Foundations of Quantitative Data Analysis
The world has become data-driven today. Every decision is data-oriented and organizations are spending millions of dollars to carve out the best possible strategies to develop a solid data framework. The topic touches on the basic topics of quantitative data such as – quantitative designs, level of analysis, a measure of analysis which all will add to your knowledge of quantitative data analysis.

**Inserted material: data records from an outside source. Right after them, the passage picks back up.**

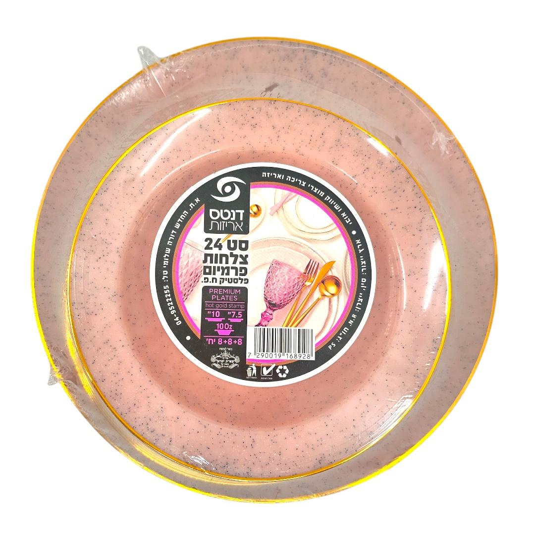 דף הבית / חד פעמי ואריזות / צלחות חד פעמי / סט 24 צלחות פרמיום מעוטרות מפלסטיק – ורוד פנינה
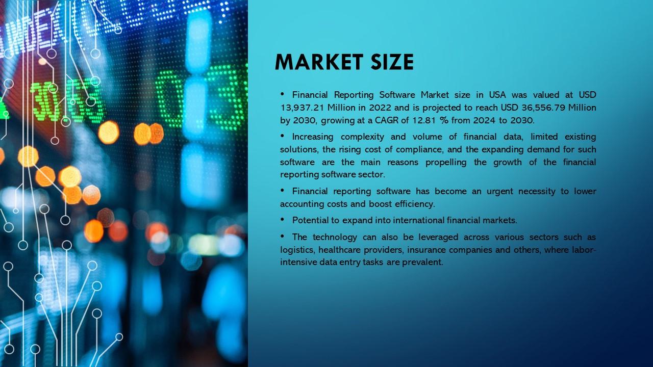 MARKET SIZE • Financial Reporting Software Market size in USA was valued at USD 13 , 937 . 21 Million in 2022 and is projected to reach USD 36 , 556 . 79 Million by 2030 , growing at a CAGR of 12 . 81 % from 2024 to 2030 . • Increasing complexity and volume of financial data, limited existing solutions, the rising cost of compliance, and the expanding demand for such software are the main reasons propelling the growth of the financial reporting software sector . • F inancial reporting software has become an urgent necessity to lower accounting costs and boost efficiency . • Potential to expand into international financial markets . • The technology can also be leveraged across various sectors such as logistics, healthcare providers, insurance companies and others, where labor - intensive data entry tasks are prevalent .
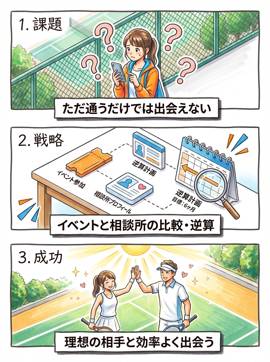 単に「テニスが好き」という条件だけでなく、どの程度の頻度で、どんなライフスタイルを望むか。この「深掘りしたヒアリング」ができるカウンセラーが在籍しているかを確認してください。
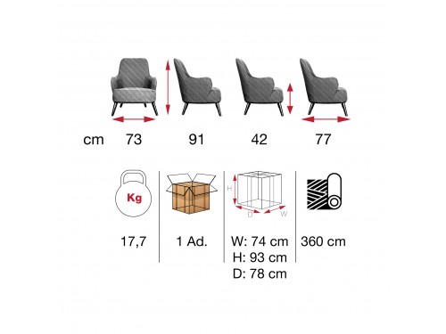 Gövde metal karkas ve gürgen ağacı, üzeri gri sünger, istenilen renk ve desenlerde üretilebilir, ayak cilası, kumaş ve suni deri rengi değiştirilebilir.

Quantitative Data Analysis explained
Introduction of new lines (e.g., Coca-Cola light, Colgate toothpaste for children) or brands (e.g., financial
services by Sainsbury, men’s grooming by Harley Davidson) are widely adopted extension strategies. As compared to single brand strategies, collaborations between two or more brands represent an alternative strategy whose design aims to take advantage of complementarities and inter-brand synergies.
Probably the most widely quoted example is between Dell and Intel while recent efforts include Apple and Nike (Apple Watch Nike+) and GoPro and Red Bull (GoPro: Red Bull Stratos). According to Simonin and Ruth (1988, p. 30), brand alliances represent ‘the short- or long-term association or combination of two or more individual brands, products, and/or other distinctive proprietary assets.’
Requirements:
• Part 1
Begin by Commenting on summary statistics, including the main distribution characteristics, of the Evaluation_AB variable.
• Part 2
Determine whether the expectation that female respondents have evaluated the brand alliance between htc and Swatch higher than male respondents is supported.
Examine whether the data provides evidence of significant differences in the evaluations of the four brand
alliances. Additionally, comment on the pattern of any identified significant differences.
• Part 3
Using attitudes towards the two-parent brands, product fit, and the sixe types of brand fit as predictors
develop the ‘best’ model to explain/predict evaluation of the brand alliance.
The focus must be on the interpretation of results as well as stating and explaining any underlying assumptions.
Avoid including irrelevant and unnecessary information in your assignment; you may include supporting information in appendices.
Part 1
First, are the implications of the summary statistics explained? Is there any necessary remedial action (e.g. identifying and removing outliers) and explained? The assessor will also use this area to leave comments that relate to this criterion.
Part 2
Furthermore, are the tests appropriate? Are hypotheses correct? Is the process of testing hypotheses and reaching a conclusion clear? Are we drawing any conclusions from the results of the hypothesis tests (i.e. does the answer go beyond reject / retain the null hypothesis)? This assessor will further use this area to leave comments that relate to this criterion.
Part 3
Lastly, have there been any tests on regression’s underpinning assumptions or any necessary remedial action taken? Are the
regression results reported and explained clearly? Are the results drawing clear conclusions?